PsychLynne, any idea how ADHD, diabetes, and asthma got included in the disability category? Before this thread, I knew there was social security disability for families of disabled kids, but I would have assumed it was for conditions such as cerebral palsy, autism, Down's Syndrome--cases of a physical or mental handicap that precludes functioning as an independent adult.

Any idea if there are different levels of compensation? So is the family of an ADHD child receiving the same payments as someone who needs 24 hour care?

I alternate between sadness and anger about this whole thing. So much exploitation.

Foxfier
Joined
Apr '12
Foxfier

PsychLynne:

In the Memphis clinic I mentioned above, we often found that the parents who brought children to us wanted the disability supplement, but did not follow through on educational services. ยท 5 hours ago

How on earth did they avoid it?!

I got classified as needing special ed, basically because I'm pig headed, and the school jumped on it as a great source of funds the moment my folks didn't fight it.

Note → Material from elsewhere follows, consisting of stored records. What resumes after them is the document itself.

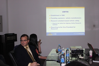 在学术交流中,James R. Sayer 对密歇根大学的研究历史以及他所在的交通运输研究所的研究内容做介绍;Dr. Jim Sayer介绍了他作为主任的人因工程研究中心的在研课题,主要包括交通事故的统计分析、Integrated Vehicle-Based Safety Systems (IVBSS) 和The Connected Vehicle Safety Pilot Program等,视频演示了在行车过程中不同因素对于行车安全的影响。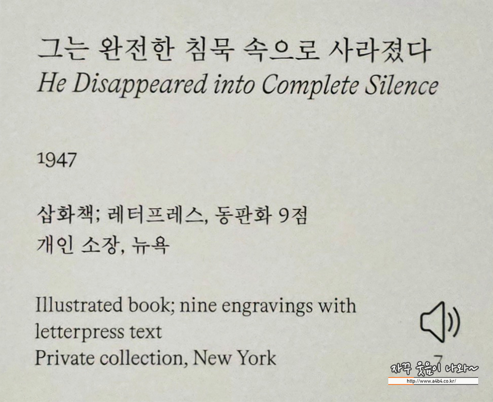 그는 완전한 침묵 속으로 사라졌다, He Disappeared into Complete Silence. 1947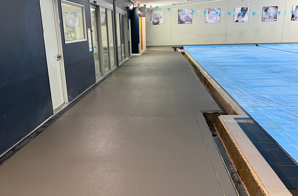 Multiblast Industrial Flooring installed the Deckshield ID system to the pool surrounds at the four sites with areas ranging from 210m2 to 349m2 in a grey colour to match the building surrounds in 2020. Four years later, the site still looks great as the Deckshield ID system provides a protective and slip-resistant platform underfoot, aligning with the swim school's commitment to prioritizing safety without compromising on visual appeal.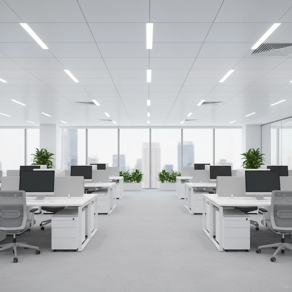 Linvera LED SF 1.0 ist eine moderne Anbauleuchte, die für Büroräume entwickelt wurde. Verschiedene Diffusorvarianten – opal, mikroprismatisch und eine Version mit Aluminiumraster – sorgen für komfortables, gleichmäßiges Licht und einen reduzierten UGR-Wert. Die Leistung von 10W bis 58W (1150–8450 lm) ermöglicht die Anpassung der Intensität an Größe und Zweck des Raumes.

Although, come to think of it, I don't remember any of the fetal alcohol syndrome kids from the rez being sent to the classes, so maybe you have to say "yes" at some point-- so passive fighting works, or simply never showing up.

****

Totally unrelated, I need more coffee: my imagination keeps trying to come up with a superhero power set for PsychLynne.

Chris Campion
Joined
Jul '11
Chris Campion

I was on SSDI for a about a year and a half after a brain injury.  I was considered completely disabled.  SSDI wasn't a lot of coin, but it was roughly $1,200 per month, which is more than enough to live on, especially if you're receiving any other assistance in housing, food, medical care, etc. 

To keep it short, I recovered.  But to get off SSDI involved a mild Herculean effort.  I had to prove to the USG that I not only was "abled", but that I had the capacity to fend for myself, food/clothing/shelter, etc.  I was told, not in so many words, that it's just better for me to stay on SSDI.

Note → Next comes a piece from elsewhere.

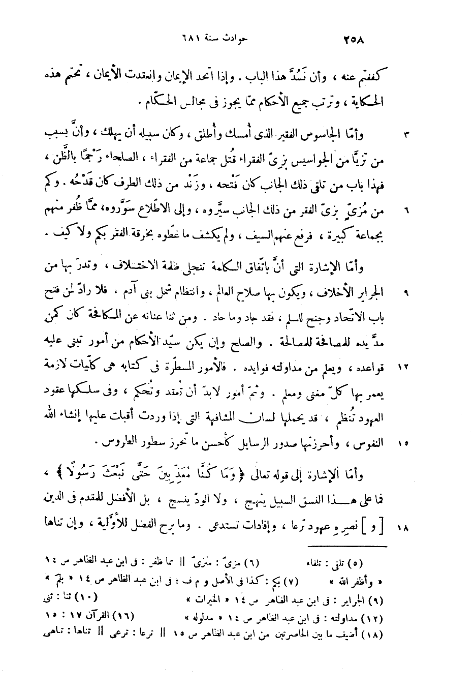 وأمّا الجاسوس الفقير الذى أمسك وأطلق، وكان سبيله أن يهلك، وأنّ بسبب من تزيّا من الجواسيس بزىّ الفقراء قتل جماعة من الفقراء، الصلحاء رجما بالظنّ، فهذا باب من تلقى (5) ذلك الجانب كان فتحه، وزند من ذلك الطرف كان قدحه. وكم من مزىّ (6) بزىّ الفقر من ذلك الجانب سيّروه، وإلى الاطّلاع سوّروه، ممّا ظفر منهم بجماعة كبيرة، فرفع عنهم السيف، ولم يكشف ما غطّوه بخرقة الفقر بكم (7) ولا كيف.

The demand drives the budget requirements, so the SS administration is tacitly encouraged to keep the rolls growing if they want their budgets to grow, so (from my limited experience) there is jack in the way of oversight for SSDI qualification and monitoring.  The result is an explosion of growth in SSDI payments, and the occasionally confused citizen wondering how in the hell someone without much more than a stubbed toe is considered to be disabled these days.

Skyler
Joined
May '11
Skyler

My wife is deaf and gets SSDI. Since we didn't need the money, we asked to be removed from the program. We are not in any way wealthy, we just don't need charity. Then when she tried to use my military medical insurance, she was denied coverage because we involuntarily withdrew from SSDI. So I had to pay for Tricare and Medicare. So she went back on SSDI because I can't afford two insurance policies. Then they learned we have a daughter and forced us to take even more money for her. They were emphatic that the law requires it and we have no choice. SSDI is a perverse system. I know many people who legitimately rely on it, but it has far too many perverse incentives to exploit it and penalties if you don't.

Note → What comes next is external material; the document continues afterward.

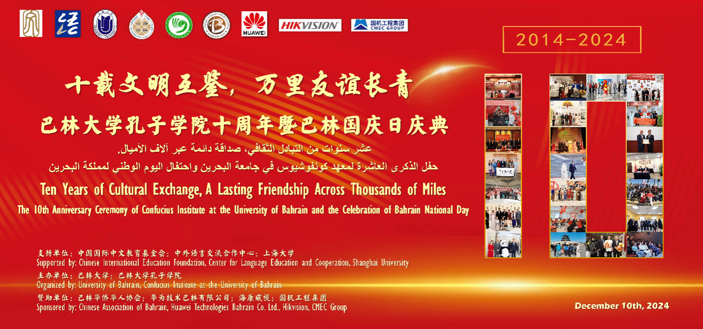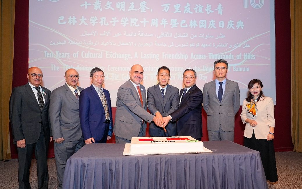 12月10日,巴林大学孔子学院十周年庆典在巴林大学隆重举行。众多领导嘉宾、师生朋友欢聚一堂,共襄盛举。中国驻巴林大使倪汝池,beat365手机官方网站党委书记成旦红,巴林大学校长福阿德·穆罕默德·阿尔安萨里(Fuad Mohammed Al-Ansari),巴林大学副校长兼孔子学院外方院长默罕默德·雷达·卡德尔(Mohammed Redha Qader),beat365手机官方网站党委常委、宣传部部长曾军,国际部党委书记王丽娜,人才工作办公室主任姜颖,孔子学院办公室主任徐晓红,孔子学院中方院长周建,以及来自beat365手机官方网站和巴林大学相关院系代表共同出席本次庆典。巴林中资机构代表、巴林孔院师生以及巴林社会各界友人也共同见证本次盛会。

Edited on December 16, 2012 at 1:48pm
Skyler
Joined
May '11
Skyler

For some reason I can't edit on my iPad. The word 'involuntarily" should be "voluntarily."

Chris Campion
Joined
Jul '11
Chris Campion

I know many people who legitimately rely on it, but it has far too many perverse incentives to exploit it and penalties if you don't.

This is SSDI in a nutshell.  It's built to be exploited.  It's been modified/enhanced to foster exploitation.  It actually discourages you from continuing to exploit the payments.

There's a reason why SSDI enrollment has spiked in the last 4 years.  This is a transfer payment, pure and simple, and guarantees votes for Democrats.  There is nothing more obvious under the sun.